The Bears converted him from Princeton wide receiver to U-tight end in 2019 as an undrafted rookie. They had to promote him from the practice squad for use before his education about the position took root due to numerous injuries at the position. He had to add about 25 pounds and learn how to be a blocker on the edge of the line, but still made eight catches for 87 yards and a touchdown in six games. Then, last year he was left on the practice squad when they signed Jimmy Graham and drafted Cole Kmet.

Horsted seems a likely practice squad candidate again and an insurance policy because he does know the offense better than tight end candidates Jake Butt and Scooter Harrington and is more the classical size for a U- or move-tight end. 

Butt is more of a Y-tight end or in-line tight end, and the Bears will take a good look at Harrington to see which role he might fill better.

Harrington can be that backup U-tight end if he has progressed as a blocker and at understanding the position's other duties.

Because Graham will turn 35 this year and is in the final year of his contract, the future at the U-tight end is uncertain for the Bears and Horsted can make a statement about his value going forward if he can have a good camp.

3. Josh Woods 

The conversion of Woods from defensive back at Maryland to linebacker began in spring of 2018 when they signed him after he participated in rookie camp on a tryout basis. He was on the 2018 practice squad, then played 35% of defensive snaps in nine games in 2019 before his first defensive action last year with 46 plays. Woods showed he wasn't really ready for it yet when he had to play against the Green Bay Packers in the regular-season finale and struggled. So they activated Manti Te'o for the playoff game and started him instead of Woods, who played an even bigger special teams role last year with 60% of the snaps. 

Woods might need to show he can play linebacker now in camp because the addition of Jones and Austin Calitro will likely push him down the depth chart.

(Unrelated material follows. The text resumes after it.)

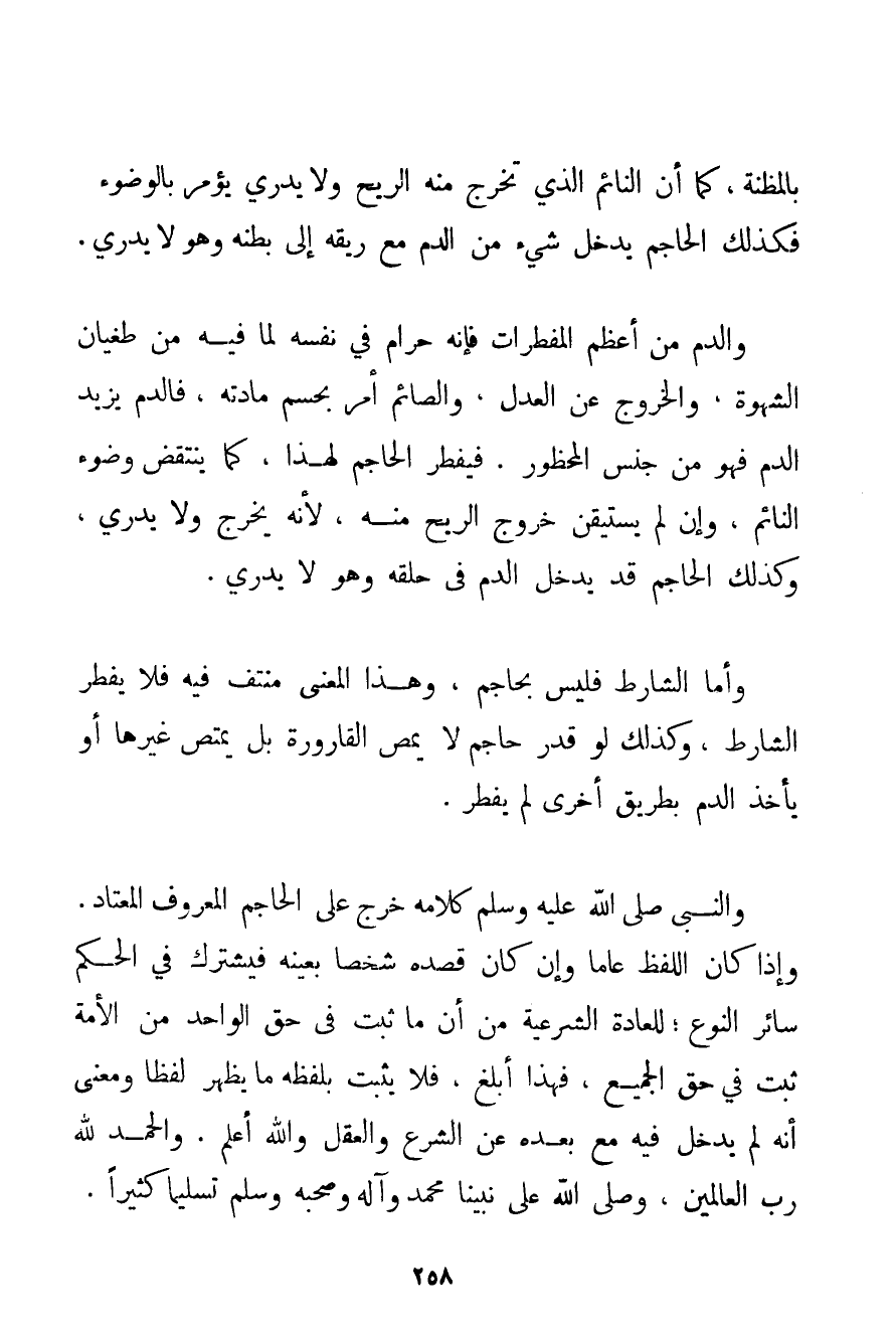 بِالْمَظِنَّةِ كَمَا أَنَّ النَّائِمَ الَّذِي تَخْرُجُ مِنْهُ الرِّيحُ وَلَا يَدْرِي يُؤْمَرُ بِالْوُضُوءِ فَكَذَلِكَ الْحَاجِمُ يَدْخُلُ شَيْءٌ مِنْ الدَّمِ مَعَ رِيقِهِ إلَى بَطْنِهِ وَهُوَ لَا يَدْرِي. وَالدَّمُ مِنْ أَعْظَمِ الْمُفْطِرَاتِ فَإِنَّهُ حَرَامٌ فِي نَفْسِهِ لِمَا فِيهِ مِنْ طُغْيَانِ الشَّهْوَةِ وَالْخُرُوجِ عَنْ الْعَدْلِ وَالصَّائِمُ أُمِرَ بِحَسْمِ مَادَّتِهِ فَالدَّمُ يَزِيدُ الدَّمَ فَهُوَ مِنْ جِنْسِ الْمَحْظُورِ. فَيُفْطِرُ الْحَاجِمُ لِهَذَا كَمَا يَنْتَقِضُ وُضُوءُ النَّائِمِ وَإِنْ لَمْ يَسْتَيْقِنْ خُرُوجَ الرِّيحِ مِنْهُ لِأَنَّهُ يَخْرُجُ وَلَا يَدْرِي وَكَذَلِكَ الْحَاجِمُ قَدْ يَدْخُلُ الدَّمُ فِي حَلْقِهِ وَهُوَ لَا يَدْرِي. وَأَمَّا الشَّارِطُ فَلَيْسَ بِحَاجِمِ وَهَذَا الْمَعْنَى مُنْتَفٍ فِيهِ فَلَا يُفْطِرُ الشَّارِطُ وَكَذَلِكَ لَوْ قُدِّرَ حَاجِمٌ لَا يَمُصُّ الْقَارُورَةَ بَلْ يَمْتَصُّ غَيْرَهَا أَوْ يَأْخُذُ الدَّمَ بِطَرِيقٍ أُخْرَى لَمْ يُفْطِرْ. وَالنَّبِيُّ صَلَّى اللَّهُ عَلَيْهِ وَسَلَّمَ كَلَامُهُ خَرَجَ عَلَى الْحَاجِمِ الْمَعْرُوفِ الْمُعْتَادِ. وَإِذَا كَانَ اللَّفْظُ عَامًّا وَإِنْ كَانَ قَصْدُهُ شَخْصًا بِعَيْنِهِ فَيَشْتَرِكُ فِي الْحُكْمِ سَائِرُ النَّوْعِ؛ لِلْعَادَةِ الشَّرْعِيَّةِ مِنْ أَنَّ مَا ثَبَتَ فِي حَقِّ الْوَاحِدِ مِنْ الْأُمَّةِ ثَبَتَ فِي حَقِّ الْجَمِيعِ فَهَذَا أَبْلَغُ فَلَا يَثْبُتُ بِلَفْظِهِ مَا يَظْهَرُ لَفْظًا وَمَعْنًى أَنَّهُ لَمْ يَدْخُلْ فِيهِ مَعَ بُعْدِهِ عَنْ الشَّرْعِ وَالْعَقْلِ وَاَللَّهُ أَعْلَمُ. وَالْحَمْدُ لِلَّهِ رَبِّ الْعَالَمِينَ وَصَلَّى اللَّهُ عَلَى نَبِيِّنَا مُحَمَّدٍ وَآلِهِ وَصَحْبِهِ وَسَلَّمَ تَسْلِيمًا كَثِيرًا.

He had to add more than 20 pounds to become a linebacker and it's uncertain if he had the ability to play defensive back in the league if he never made this conversion.

What he has to prove is he has made the conversion and can go forward as a key. special teams contributor and capable backup.

4. LaCale London

Like Gipson, he played on the line with his hand on the ground as a defensive tackle. He weighed only 280 pounds at Western Illinois while playing an entirely different role. With the Bears practice squad over the course of the last season and this offseason he has added 36 pounds and at 316 is more the ideal weight the Bears want from two-gap defenders on the interior defensive front. He faces a daunting task with six experienced defensive linemen ahead of him, and will be competing with seventh-round rookie nose tackle Khyiris Tonga, as well. London likely could be headed back to the practice squad to continue this conversion, if they deem he still could be of value.

5. Dieter Eiselen

Eiselen has been snapping the ball as a center in offseason work. This would be a conversion, but not a big one. He had been a guard coming out of Yale but wasn't your typical guard/center in the NFL like the Bears have with Cody Whitehair and James Daniels. Eiselen's experience was limited because he was a South African rugby player and weight lifter and taught himself the game. He's been with the practice squad a year and has gone from 300 pounds coming out of college to weighing 322 pounds in this spring's work. His experience as a junior Olympic level weightlifter proved valuable as he went heavily into the weight room. 

The Bears may need to go another year before they know if they have a find here, but physically he is getting it done and with the added size and strength he could also be a guard or a center.